# Blindfolded progression thread



## V Achyuthan (Dec 21, 2021)

Hi everyone,
So I am going to my first ever physical comp (not official) at Jan 15 and 16. The events I am going to participate are 3x3, 2x2 and 3BLD.
I have not been practicing 3BLD much. So it's time to start serious practice again. I average 3:30 - 4 min on blind. I use a mix of BOP and OP. 
If someone has any tips to improve please let me know. I am trying to get better.


----------



## Eli Apperson (Dec 21, 2021)

V Achyuthan said:


> Hi everyone,
> So I am going to my first ever physical comp (not official) at Jan 15 and 16. The events I am going to participate are 3x3, 2x2 and 3BLD.
> I have not been practicing 3BLD much.

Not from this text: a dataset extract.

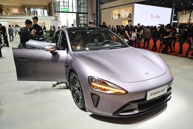 此外,小米展台展出了SU7和SU7 Ultra,每台展车的后门和尾门上均粘贴了小心夹手的提示。工作人员称,是因为人多为了防止意外。
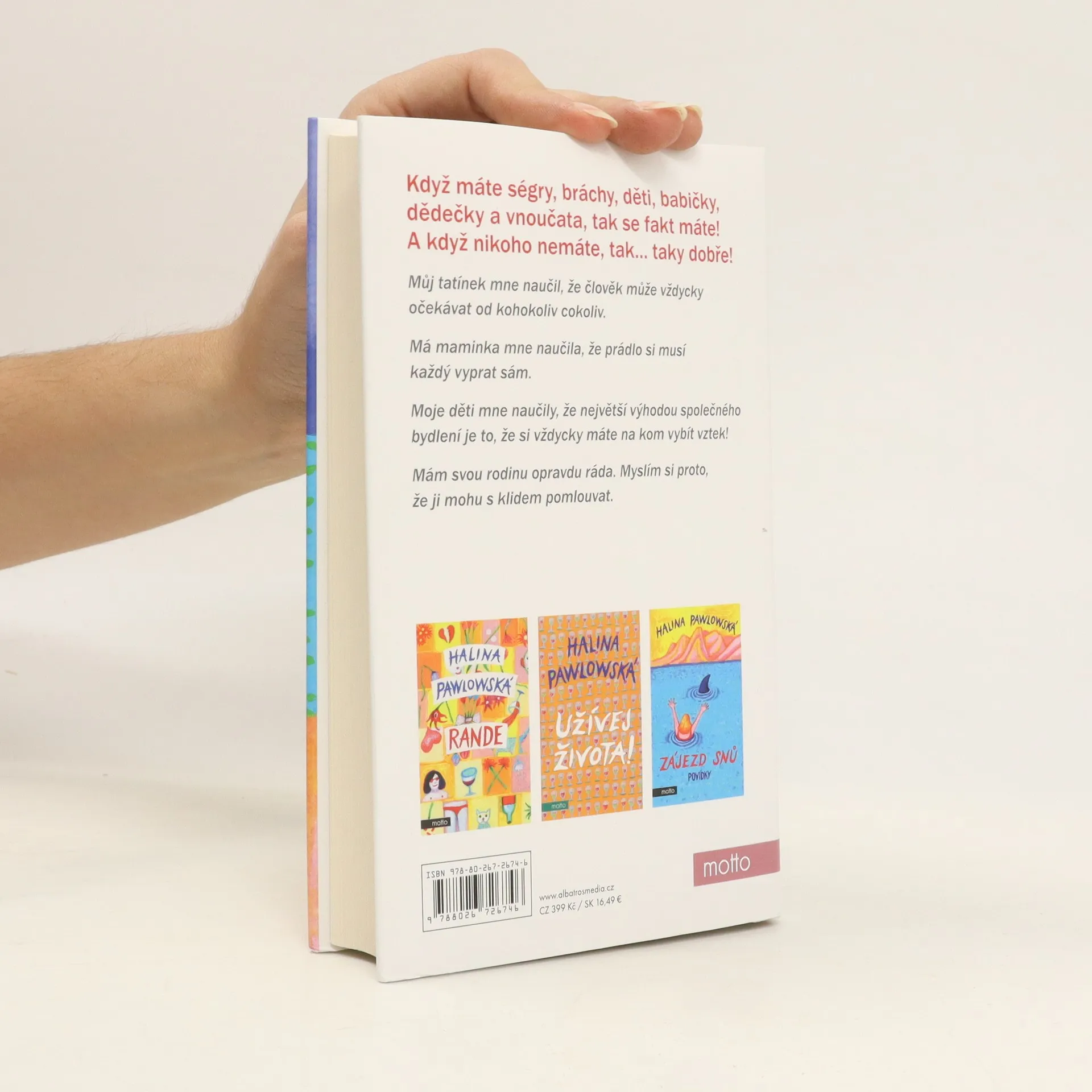 Oblíbená spisovatelka a scenáristka přichází s knihou humorných povídek ze života svého, ale i ostatních členů své široké rodiny. Můj tatínek mne naučil, že člověk může vždycky očekávat od kohokoliv cokoliv. Má maminka mne naučila, že prádlo si musí každý vyprat sám. Moje děti mne naučily, že největší výhodou společného bydlení je to, že si vždycky máte na kom vybít vztek! Mám svou rodinu opravdu ráda. Myslím si proto, že ji mohu s klidem pomlouvat. Nakladatelská anotace.

So it's time to start serious practice again. I average 3:30 - 4 min on blind. I use a mix of BOP and OP.
> If someone has any tips to improve please let me know. I am trying to get better.


I'm also starting blind for the same reason. I recommend Jack Cai video on m2 edges.


----------



## V Achyuthan (Dec 22, 2021)

CubableYT said:


> I'm also starting blind for the same reason. I recommend Jack Cai video on m2 edges.


thanks


----------